Dharmapala Raksita was born after the death of his father (Chakna Dojre – brother Phagpa), in 1268. In addition to the title of the Imperial Preceptor, he was also the head of the Sakya School. Since birth, because he was born fatherless, his care was assigned to the lord of Zhalu. At the age of 14 in 1892, he succeeded his uncles title and was appointed as Dishi (imperial preceptor). Although he was given the title, he did not have much experience and knowledge about the position and he never became the abbot. After receiving the title he stayed close to the great Khan. During his period of being Dishi, he mostly participated in building activities. He had a stupa built in the memory of Phagpa (the first imperial preceptor). Also, he built the Metog Raba which then became an official residence for the imperial preceptors until the end of the Yuan dynasty. Dharmapala married two women, Palden, a granddaughter of Köden, and to Jowo Tagibum, a lady from Zhalu. He had a son with the latter, who died at the age of 5, this is why his part of the Khon family died out and the next Dishi or Sakya abbot were not part of the Khon lineage.

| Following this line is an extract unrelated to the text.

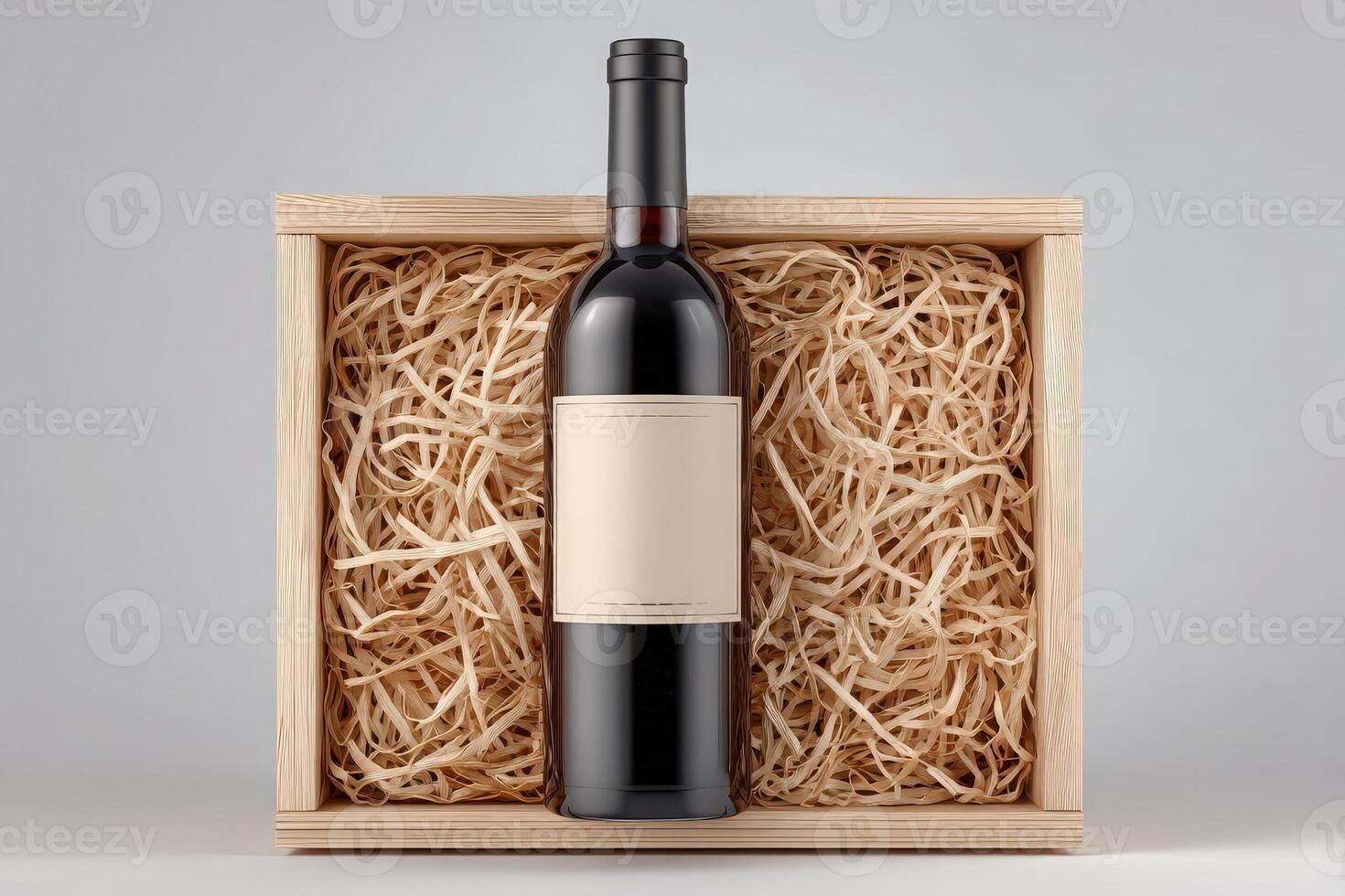 A sophisticated wine bottle sits upright in a wooden box lined with shredded straw, creating an appealing display perfect for gifting or showcasing at events. The box offers a rustic charm. Pro Photo
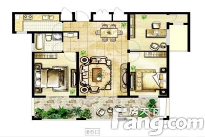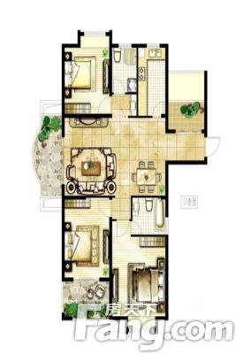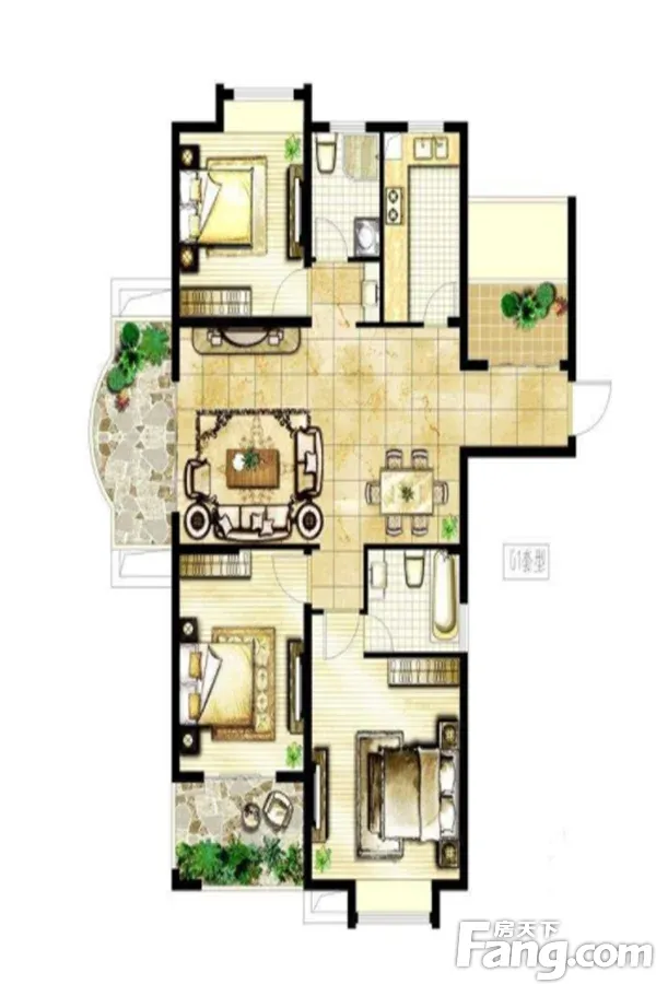 户型齐全,主打户型方正,卧室朝南,L型厨房,带露台三居

Dharmapala gave up his position as the imperial preceptor in 1286 and left the court to visit Sakya and Tibet. However, he died before getting there on 24 December 1287, at Tre Mandala.

=== Yeshe Rinchen (1248–1294) ===

Yeshe Rinchen was born in 1248 as the son of Chukpo Jetsun Kya and was from Sakya in Tibet. Unlike the first three imperial preceptors of the Yuan dynasty, Yeshe Rinchen was not from the Khon lineage. Yeshe Rinchen was from the Sharpa lineage. There were three divisions within the disciples of the abbots, Sakya Pandita and Phagpa. The three disciples were eastern (Shar), western (Nub) and middle (Gun). The Shar (eastern) was headed by a family of Zhangzhung origins, known as Sharpa. When he was younger, Yeshe Rinchen was a follower of Phagpa. The Dishi before Yeshe Rinchen was Dharmapala Raksita and because he had no heirs to succeed his position at the time he vacated his position as Dishi, the position was handed to the Sharpa family and Yeshe Rinchen was appointed imperial preceptor. At the same time, Yeshe Rinchen's brother Jamyang Rinchen Gyaltsen became the ruling abbot of Sakya. There is a possibility that the Sharpa brothers were both guided and supported by an older and more experienced or influential person (imperial minister Sangge). However, Sangge fell from power and was executed in 1291, which presumably made Yeshe Rinchen's position, difficult to protect. After this, Yeshe Rinchen vacated his position as Dishi in the same year. His position was succeeded by Drakpa Odzer. After stepping down from his position as Dishi, Yeshe Rinchen retired to the sacred Buddhist site Mount Wutai in present-day Shanxi. He died there in 1294.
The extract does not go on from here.